February 28, 2000
WOODINVILLE--Chief Steve Smith of the Woodinville Fire & Life Safety District gave a financial breakdown of the fire district's current budget at the City Council's Feb. 22 study session.
Councilmember Bob Miller had requested the report to answer charges of irresponsible fire district spending raised by Fire Commissioner Dave Callon at the Council's Feb. 7 meeting.
The commission majority's greatest concern was that three years of deficit spending, from the lower tax rates in the 1997-99 budgets, drained their reserve fund from the target range of $4.5-5 million to only $2.7 million by the end of 1999, said Smith. Miller said the district had not had a deficit spending year since the early '80s, which resulted in taking out a loan.
"The reserve fund philosophy, established by the fire commission in the '80s, is that paying for equipment and facility expenses with the interest gained from the reserves is more fiscally responsible than having to hold emergency tax levies or taking out loans," said Smith.
The interest on $3.9 million from the 1998 reserve was $200,000, while the interest on $2.7 million from the 1999 reserve was only $110,000. The lower tax rates led to deficit spending of $250,000 in 1997, $426,000 in 1998 and $500,000 in 1999, said Smith. That all came out of the reserve fund.
"It took several years of sacrificing by the district to get those reserves up close to $4 million," said Miller, a fire commissioner and Chairman during the late '80s and early '90s.
In an interview last week, Callon said he is the only commissioner left from the previous board majority that lowered taxes. During the last two years, a different majority elected to the Fire Commission has gradually raised taxes to their former level (of $1.50 per $1,000).
This year, $580,000 will go back in reserve. But since facility expenses are not covered by the budget, $1 million of the reserve will go into building the new downtown fire station, plus $150,000 to finish last year's repairs at two stations. That will leave around $2.3 million in reserve at the end of 2000, said Smith, well below the ideal range of $4-5 million.

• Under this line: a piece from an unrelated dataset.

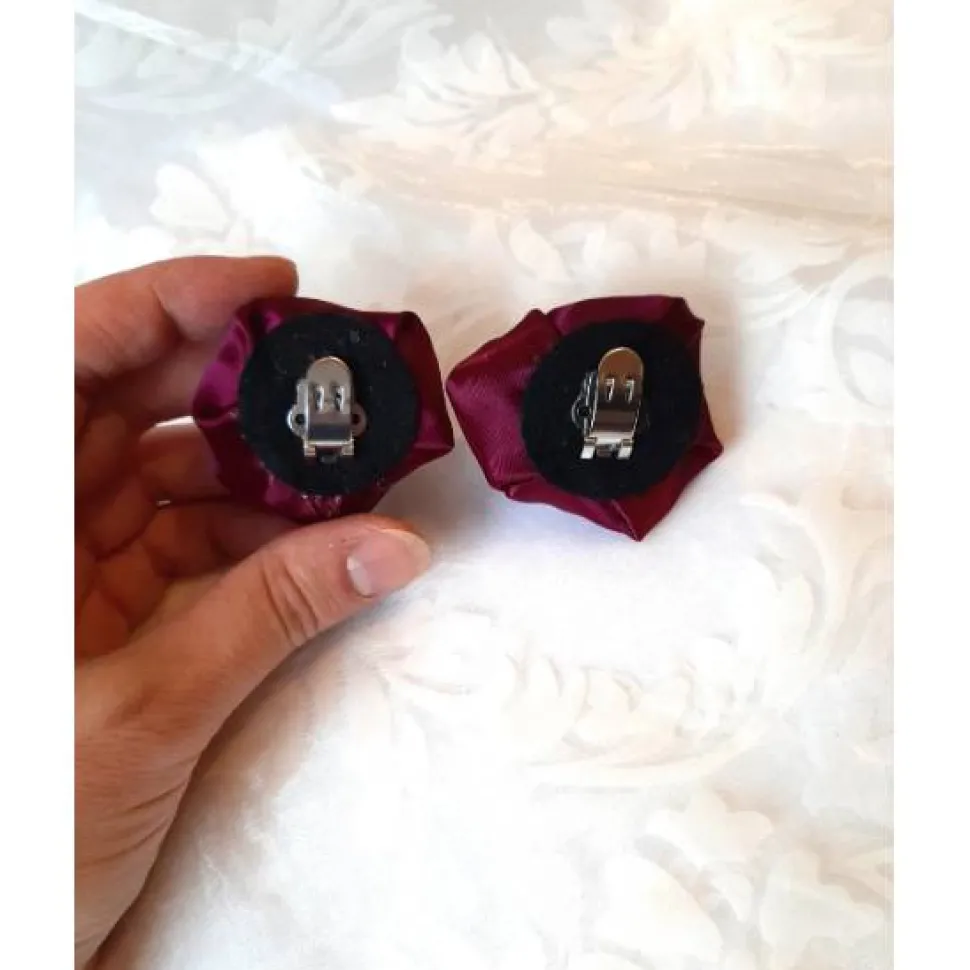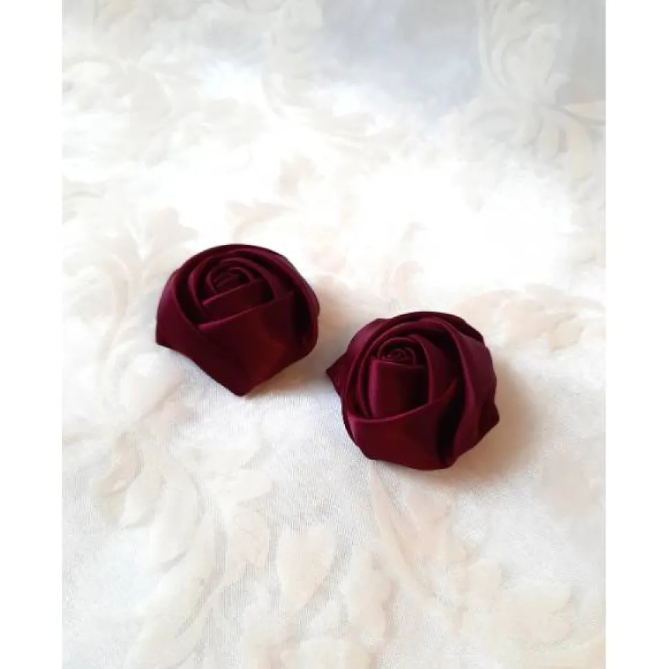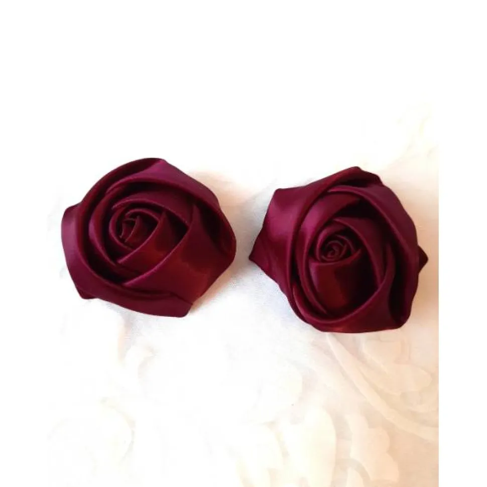 Zwei elegante Schuhclips in Form von Blüten aus schimmerndem Satin und einem Schuhclip-Verschluss an der Rückseite.
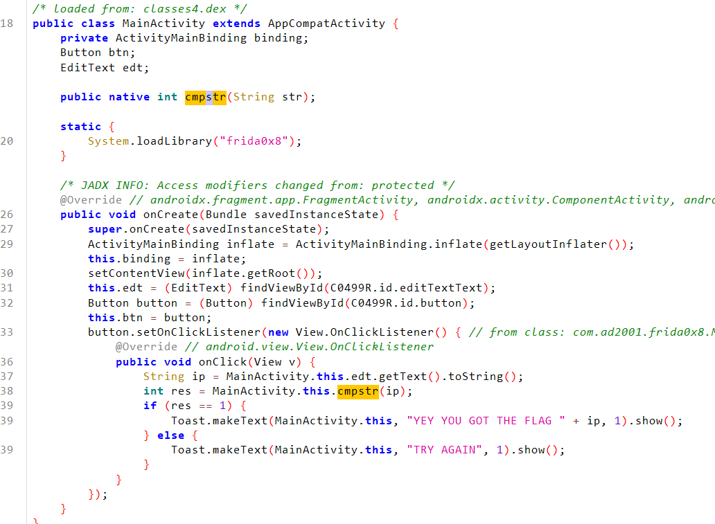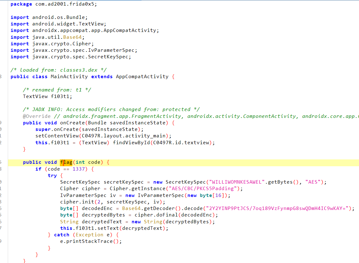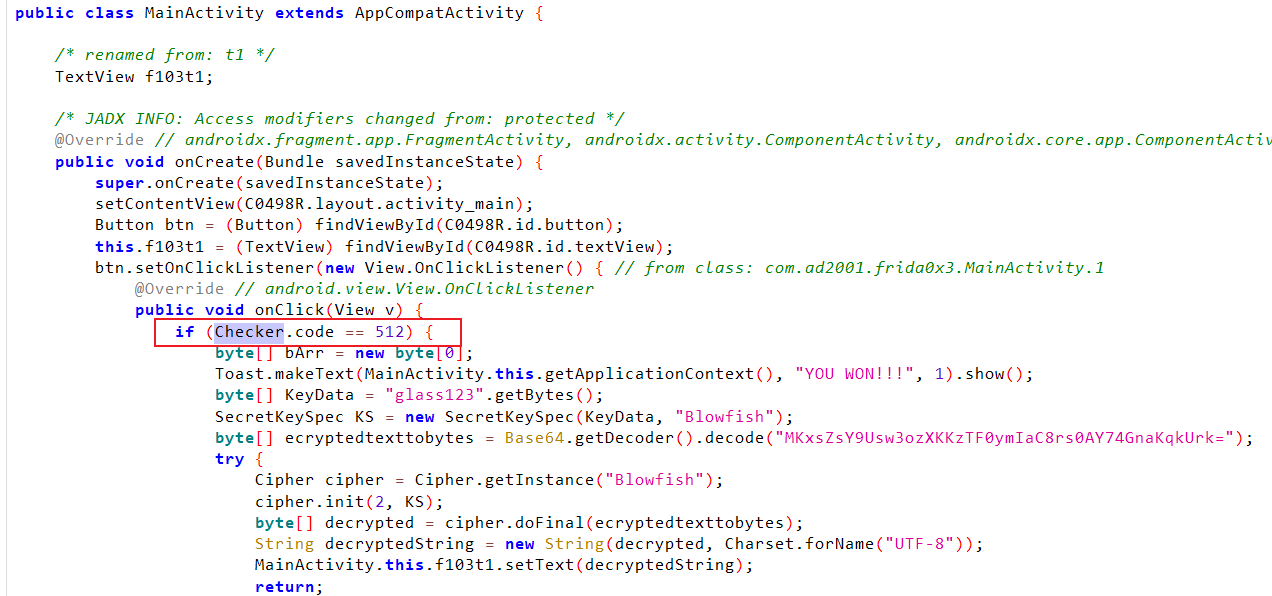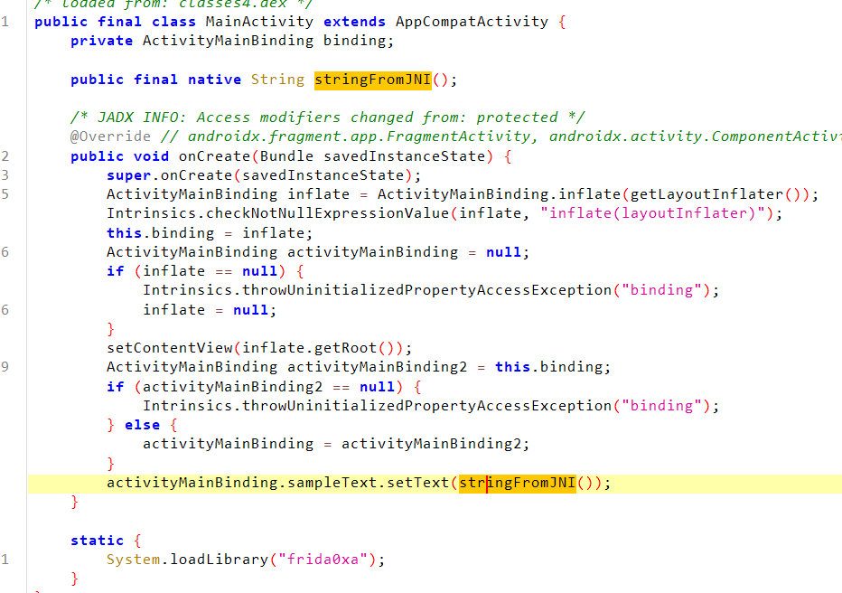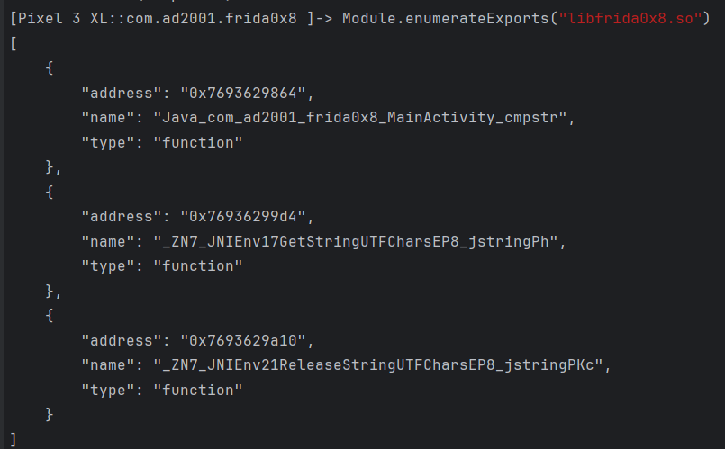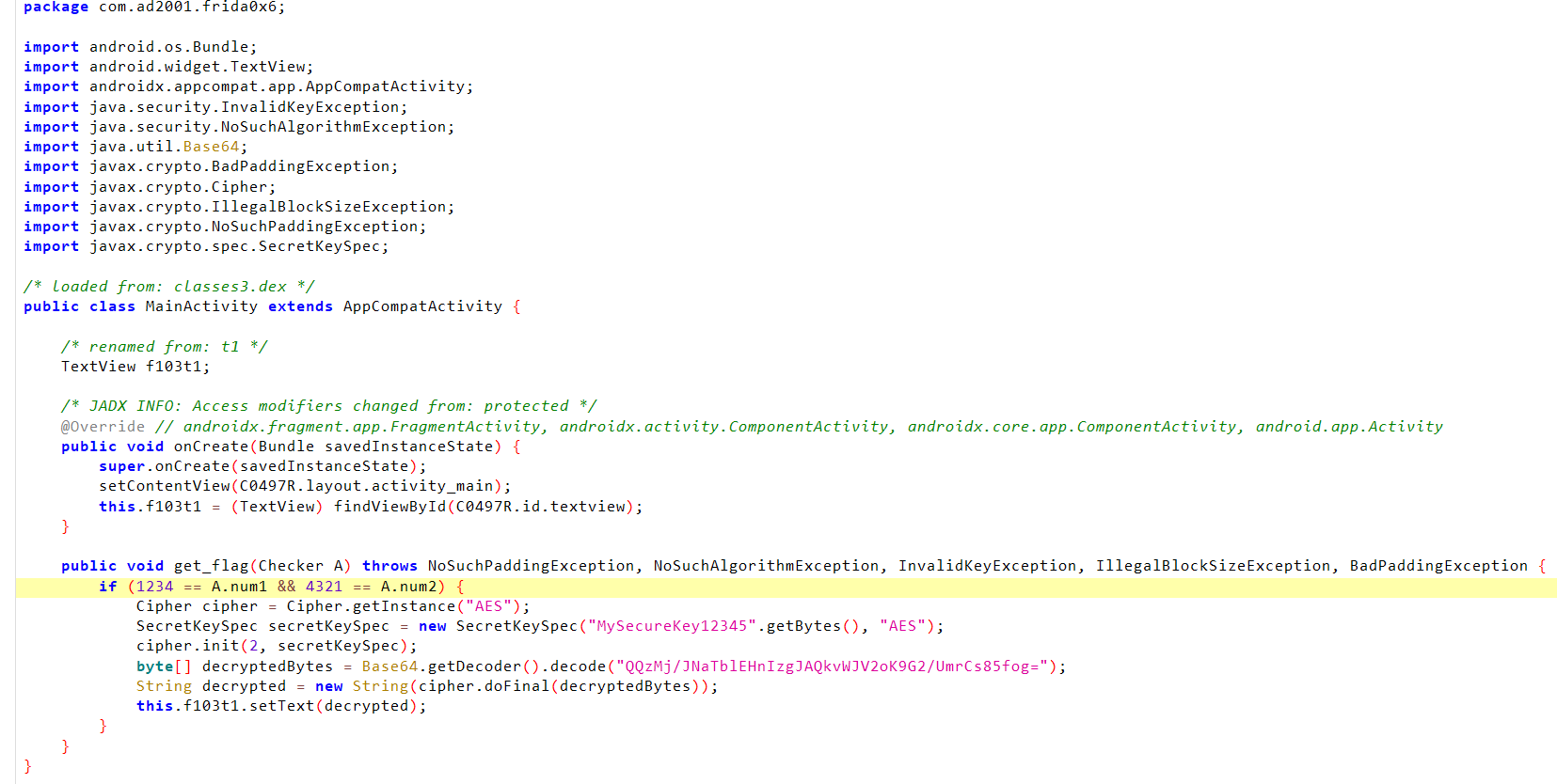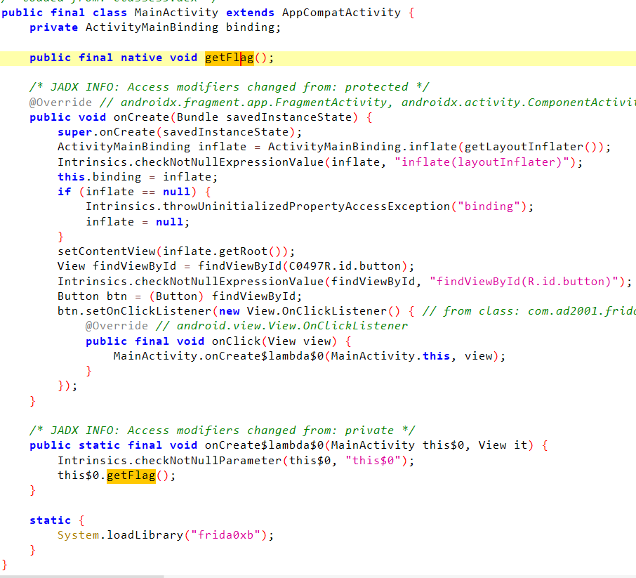 var mainActivity=Java.use("com.ad2001.frida0x1.MainActivity");

The district is looking at a 10-year timetable for replacing the reserves, partly because 82 percent of their budget goes to employee payroll and benefits, he said. I-695 also plays a role in the slow recovery.
"Our attorney advised us that, under I-695, we will only be able to ask for the same revenues next year as this year, plus new construction revenue," Smith said. "We won't be in financial crisis in the foreseeable future. If we had stayed at the previous budget request level ($1.32 per $1,000), we would definitely be in trouble. But the Board corrected that deficit spending level at last October's budget hearing."
The Council thanked Smith for providing them with a clearer perspective than they had before.
"I'm glad to see the reserves will be building back up, engines will be replaced, and that we'll retain a Class-3 rating, which saves insurance costs," said Miller. "Please thank the other Fire Commissioners for their fiscal responsibility." The "Class-3" rating comes from a state survey of all Washington fire districts to give them a fire insurance rating, on a descending 1-10 scale of fire protection.
Smith said the district needs to hire three firefighters this year to staff an aid unit at the headquarters fire station, due to the rapid increase from that area, including downtown Woodinville. He also cited the fact that 14 percent of the headquarter station's 1999 aid calls had to be answered by the Bothell Fire Department.
The district is currently exploring the possibility of a co-purchase and co-staff of an $800,000 ladder truck and its personnel costs with Bothell, as one cost-cutting measure, said Smith.